STONE HARBOR – A 7-year-old Virginia boy, vacationing with his family, made the find of a lifetime collecting shells on the 98th Street beach Aug. 18. Ryan Fedok, a second grader in Fairfax Station, picked up an unassuming lump at the water’s edge that was later identified as a 250-plus-million-year-old fossil.
That fossil was being formed eons before dinosaurs and man walked on earth, when New Jersey and what is now this resort was underwater.
According to his father, Jason Fedok, “Until this year our greatest find had been a foot-long conch shell (still occupied) that we returned to the ocean.”
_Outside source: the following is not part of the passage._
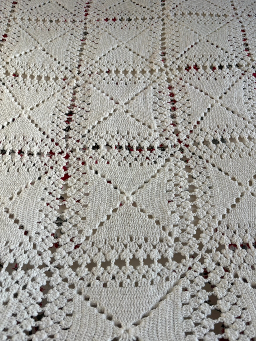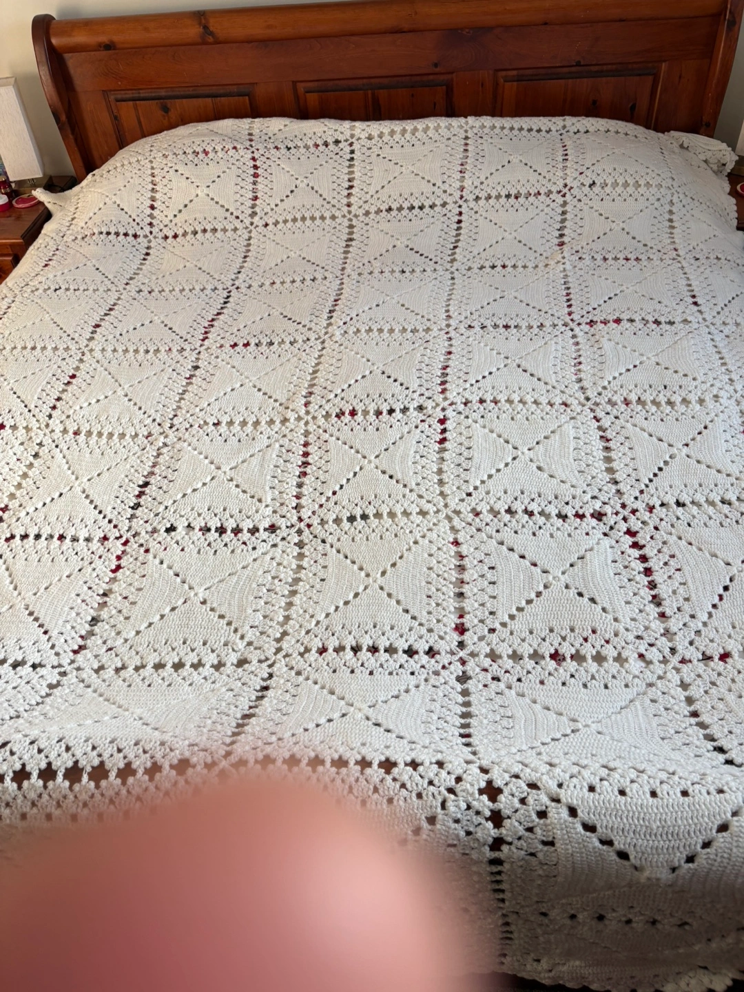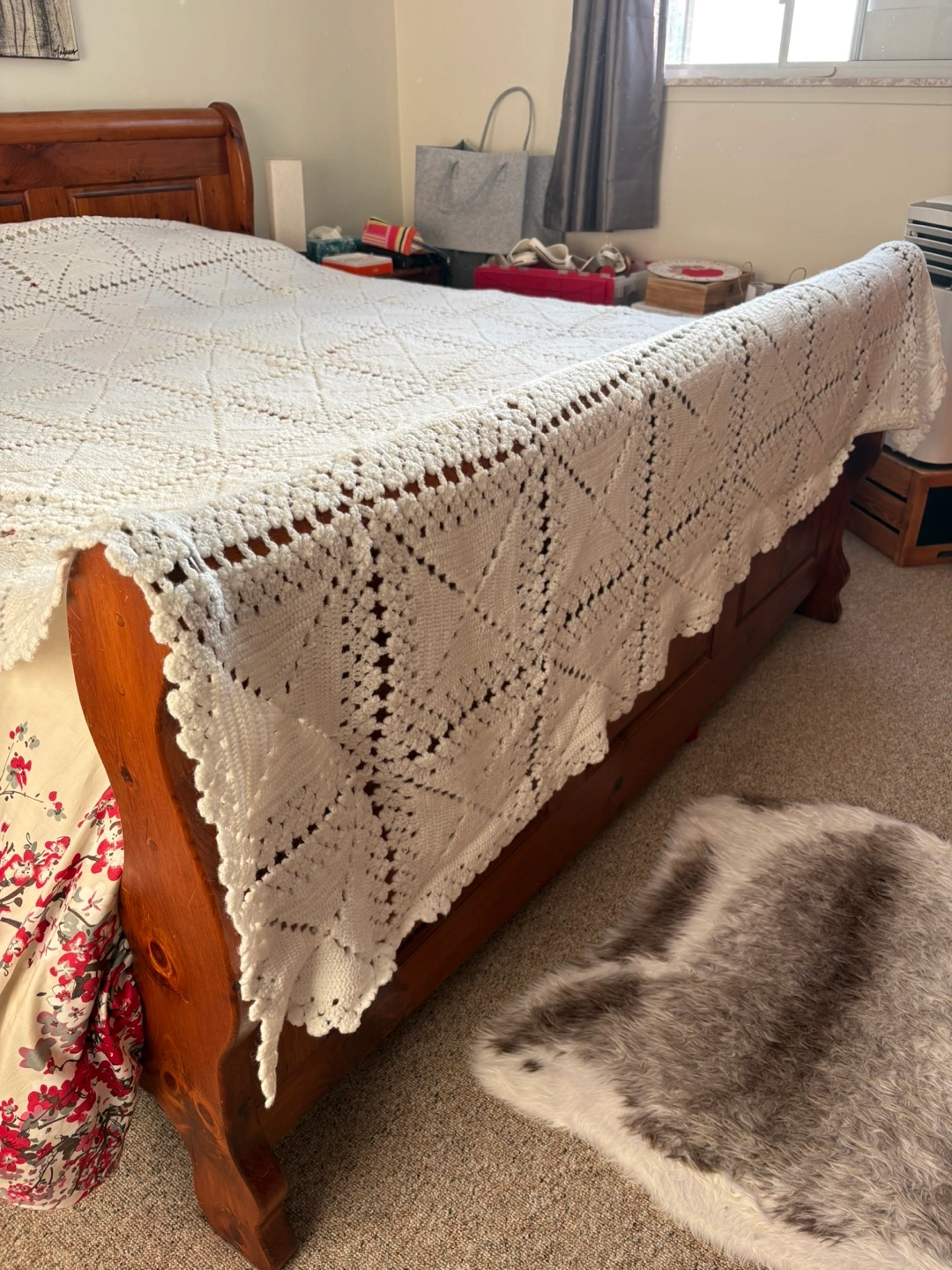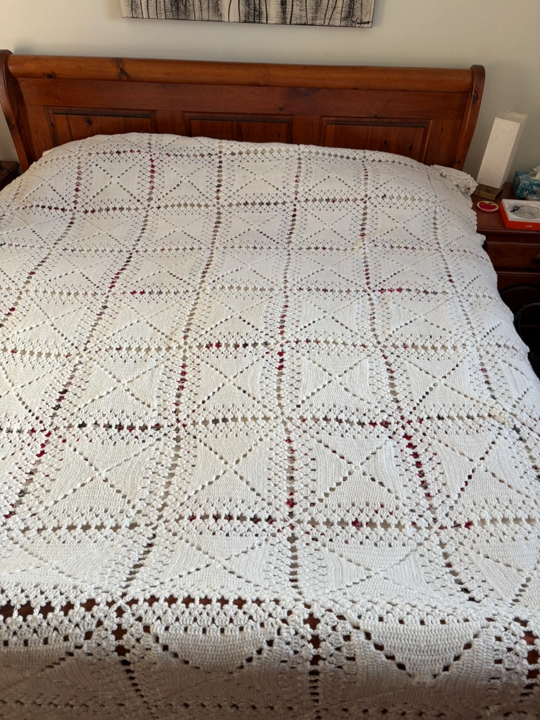Selling a beautiful handmade crochet bedspread! It's a lovely off-white colour with a detailed diamond pattern. Perfect for adding a cozy, vintage touch to your bedroom decor.

“I didn’t know what to make of it at first and, after having no luck trying to identify it via the Internet, I emailed Carl Mehling at the American Museum of Natural History in New York. He quickly identified it as a 250+-million-year-old fossil horn coral which are not native to the Stone Harbor area,” stated the elder Fedok.
Mehling wrote to Fedok, “You can tell your son that he is the lucky finder of a fossil horn coral. Horn corals were solitary corals that lived on Earth from the Ordovician to the Permian (as old as 500 million years and as young as 250).
“By comparison the oldest known dinosaurs are about 245 million years old. Stone Harbor is very far from any likely sources of a fossil like this so this was probably brought there by ocean currents or rivers, and, maybe if it came from northern New Jersey or even southern New York, glaciers might have also contributed to its movements. It holds a long and complex story so it should be looked at with wonder! Nice find!”
Fedok hopes that the ancient discovery will spark Ryan’s interest in science, and will certainly be a highlight at his class’ “show and tell” time.
Mehling is senior scientific assistant, Fossil Amphibian, Reptile, and Bird Collections, Division of Paleontology, American Museum of Natural History, New York City.
According to a 1976 report on the geology of Cape May County by the Department of Environmental Protection written by Carol S. Lucey, senior geologist, “About 14,000 years ago an improvement in the climate reversed the trend of widespread glaciation. The great ice sheet started to melt, releasing ice-locked water back into the ocean basins. Sea level rose and, in time, reached its present stand.
“The barrier islands developed during this time, probably as lines of dunes, breached spits or peninsulas retreating westward with advancing shoreline…The Cape May peninsula became subject to marine processes again.”